They’ve become a regular sight at the Capitol in recent weeks — protesting poverty, trying to block Gov. Jerry Brown's office and, on occasion, getting arrested.
On Monday, the California Poor People's Campaign, calling for affordable housing and other policies to address poverty, interrupted the state Senate and forced legislators to halt the floor session.
"Nothing feels progressive about the way California is run from the top," said Kait Ziegler, co-chair of the California Poor People's Campaign. "So we're coming from the bottom to mobilize and say we aren't going to be silent anymore."
No protesters were arrested as they sang and chanted from the third-floor gallery of the Senate chambers on Monday.
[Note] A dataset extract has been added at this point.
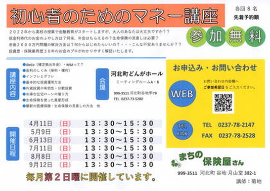 誠に勝手ながら、まちにゅーす(冬号)に掲載しておりました1月18日(土)のマネー講座は中止とさせていただきます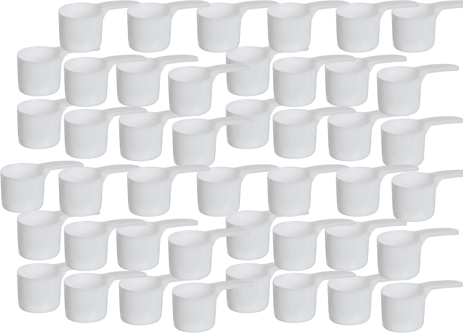 70 mL Plastic Measuring Packaging Scoop (=70 cc/ = 4.73 Tablespoon/ = 2.37 fl oz/ = 0.3 Cup), Meidum Handle - to Measure and Dispense Spices, Granules, Powders, for Seeds Packing (50)

Sergeants-at-arms asked several to leave until the group voluntarily dispersed.
The action marked a contrast to the group's weekly protests that have resulted in 51 arrests since early May. On other occasions, the protesters said they were arrested at the Capitol for ignoring police orders, protesting a statue of Christopher Columbus and blocking access to Brown's office. They also took over a budget subcommittee hearing.
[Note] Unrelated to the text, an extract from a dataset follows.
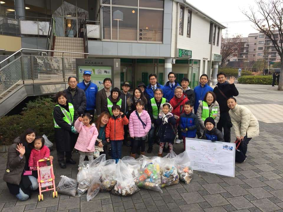 お子さまからシニアの方までみんなで街を歩きながら美化活動をします。ラジオ体操で体を温め、ルートに分かれて会話を楽しみながら歩きます。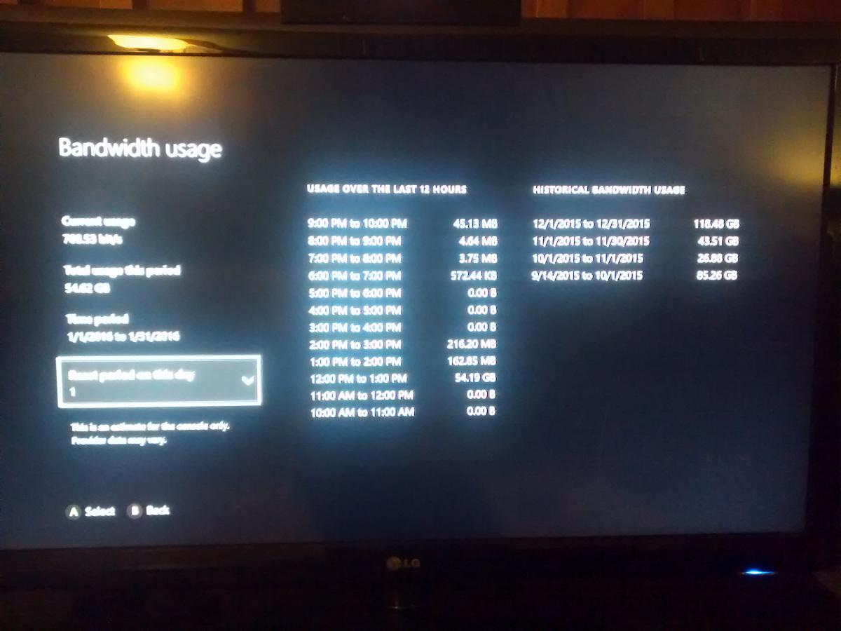 My connection (27mbps, according to the detailed network screen) is incapable of downloading 54gig in an hour, and besides I was sitting with my lad streaming thomas the tank engine from PBS. 1-2 was a bit of iPlayer and 2-3 Battlefront. Also, month to date is 54.6gig, and there's no way we've only used .5 gig in the 17 days prior to this.

The California Poor People's Campaign has spent the last five Mondays in Sacramento peacefully protesting poverty and calling for legislative reforms to address systemic racism, health care, climate change, housing, education, jobs, homelessness and other issues.
California leaders often boast the state has the fifth-largest economy in the world. Protesters bemoaned the fact that California also has the worst poverty rate in the nation, factoring in cost-of-living expenses.
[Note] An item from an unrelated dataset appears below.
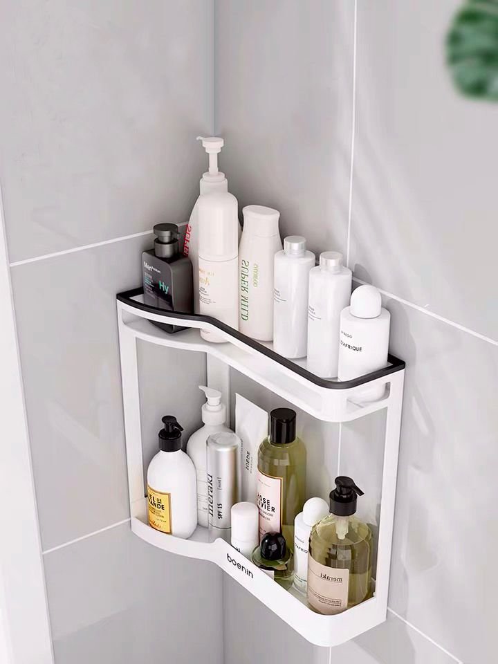 如果淋浴房事先沒(méi)有設(shè)計(jì)壁龕,可以在角上加一個(gè)置物架子,沐浴產(chǎn)品可以放在里,洗澡很方便。

The action in Sacramento was coordinated with similar campaigns being conducted at more than 30 state capitals across the country. The events mark the 50th anniversary of the Poor People's Campaign and March in Washington, D.C. It was organized by Martin Luther King Jr. before he was assassinated. The group lists dozens of "endorsing partners" in its national effort, including major labor unions such as SEIU and AFSCME, anti-war groups and religious organizations.
"The only way we can do it, because we don’t have money, is to raise our voices and risk arrest," said Kevin Carter, co-founder of the Sacramento Poor People's Campaign. "That’s what we’re here to do."